Acknowledging it was done, passing the text over to my publisher, meant losing something I’d come to depend on.

Peter Matthiessen wrote thirty-two books. I began by reading them in sequential order. I read all the secondary material I could get my hands on, the interviews and essays and profiles. This was a hell of a lot of stuff, but it was manageable; I could still see the boundaries I had to work with. Then Maria gave me a copy of Matthiessen’s hard drive, and I began to understand what I had got myself into, why she had warned me. On the hard drive were 39,933 items about Zen and whales and the CIA. Because the files were haphazardly organized, I would need to go through and rearrange them into my own custom database.

At the same time, there was Matthiessen’s paper archive to consider at the Harry Ransom Center in Austin, Texas. This, too, would turn out to be far larger than it looked on the surface. There was a finding aid online, but it failed to note that Ransom staff had only catalogued part of the collection thus far.
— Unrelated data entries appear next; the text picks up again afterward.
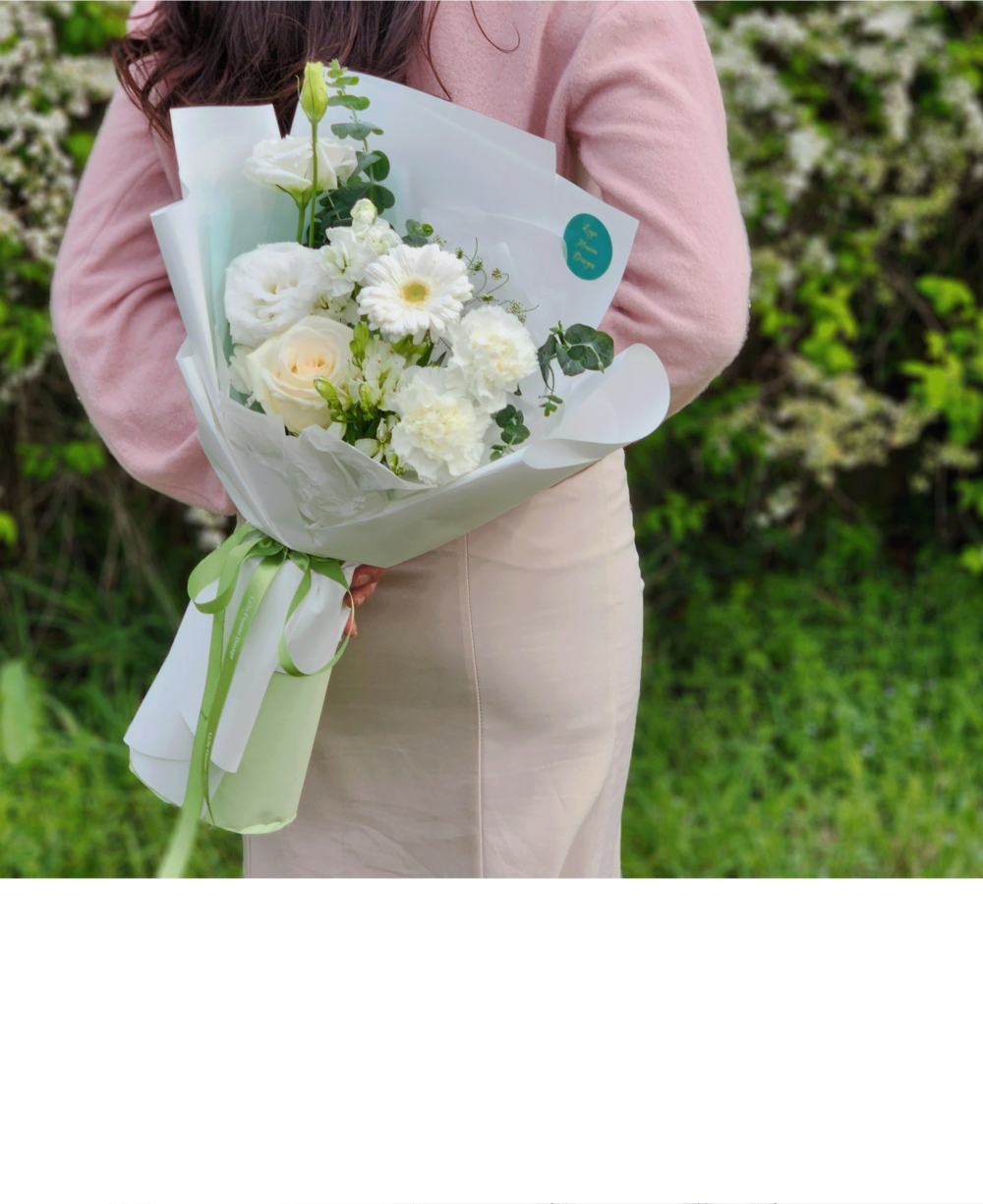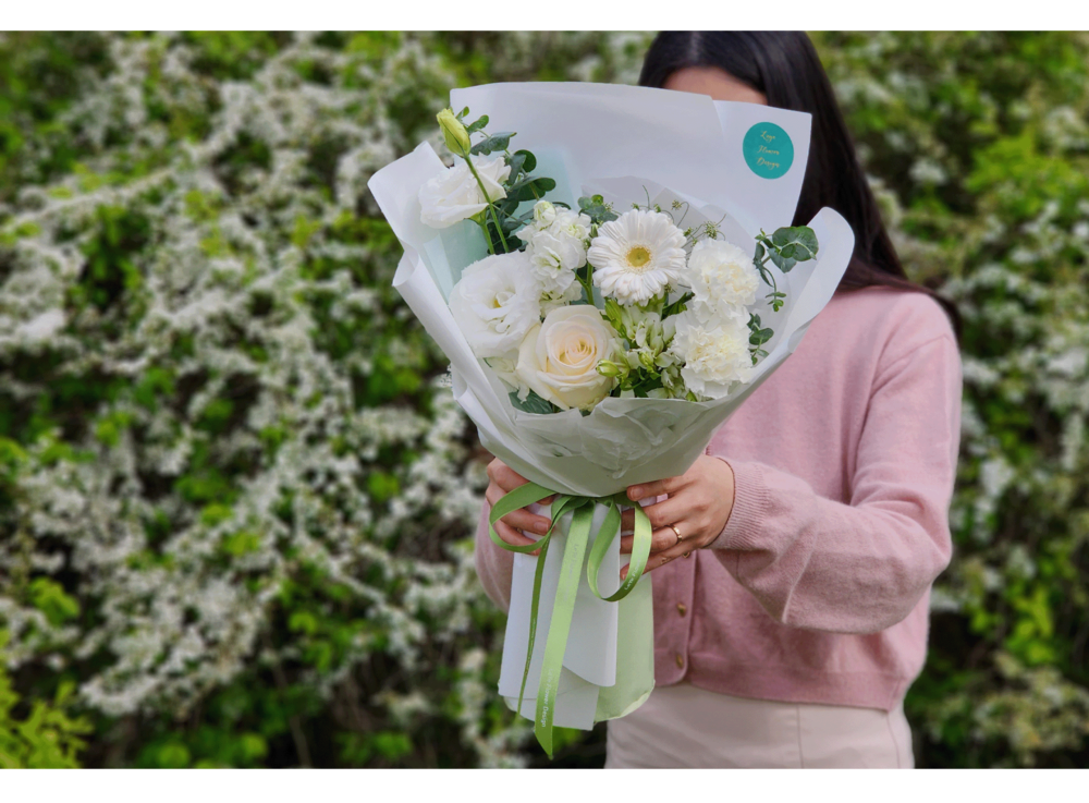 컬러감 있는 꽃도 예쁘지만 결혼 부케 느낌의 순수한 색감을 원하신다면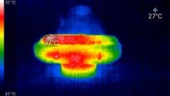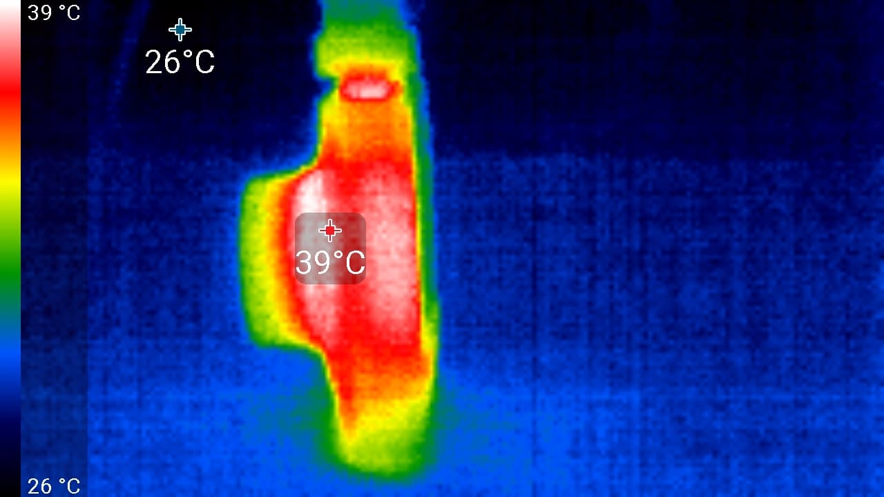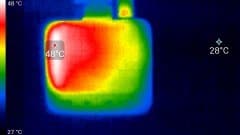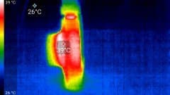 Во время длительной работы корпус аппарата естественным образом нагревается, как нагревается любой современный прибор. Ниже приводятся тепловизионные снимки регистратора, сделанные после часа беспрерывной видеозаписи с работающим дисплеем. Питание регистратору подавалось стационарное, тестирование проводилось в комнатных условиях при температуре окружающего воздуха около 27 °C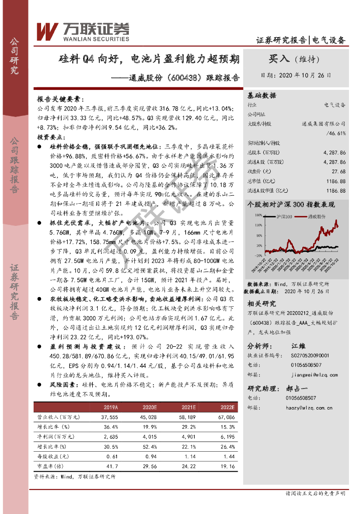 万联证券:通威股份(600438)-跟踪报告:硅料Q4向好, 电池片盈利能力超预期.pdf

It wasn’t until I spoke with an archivist that the uncatalogued part was revealed to me, like an iceberg suddenly inverting in the water: dozens of boxes filled with correspondence, drafts, journals, notebooks, audio tapes, and samples of Bigfoot fur. The challenge was so vast and formidable that I realized it would be impossible to go through it all on occasional research visits from New York. And so, in 2019, my partner and I relocated to Texas, much as Robert Caro once moved there for Lyndon B. Johnson, and I became a fixture in the Harry Ransom Reading Room.

Some writers approach their writing like a regular day job. They go to their desk; they get on with the tasks at hand; they clock out and turn to other activities, enforcing a line between work and life. That is the healthy approach to writing: just a job like any other, dentistry or plumbing. But I am incapable of being so regimented. For me, there is no line between work and life. I go to my desk in the morning and do not leave, psychologically speaking, until I am in bed, unconscious. Even then, sometimes the work continues in my dreams.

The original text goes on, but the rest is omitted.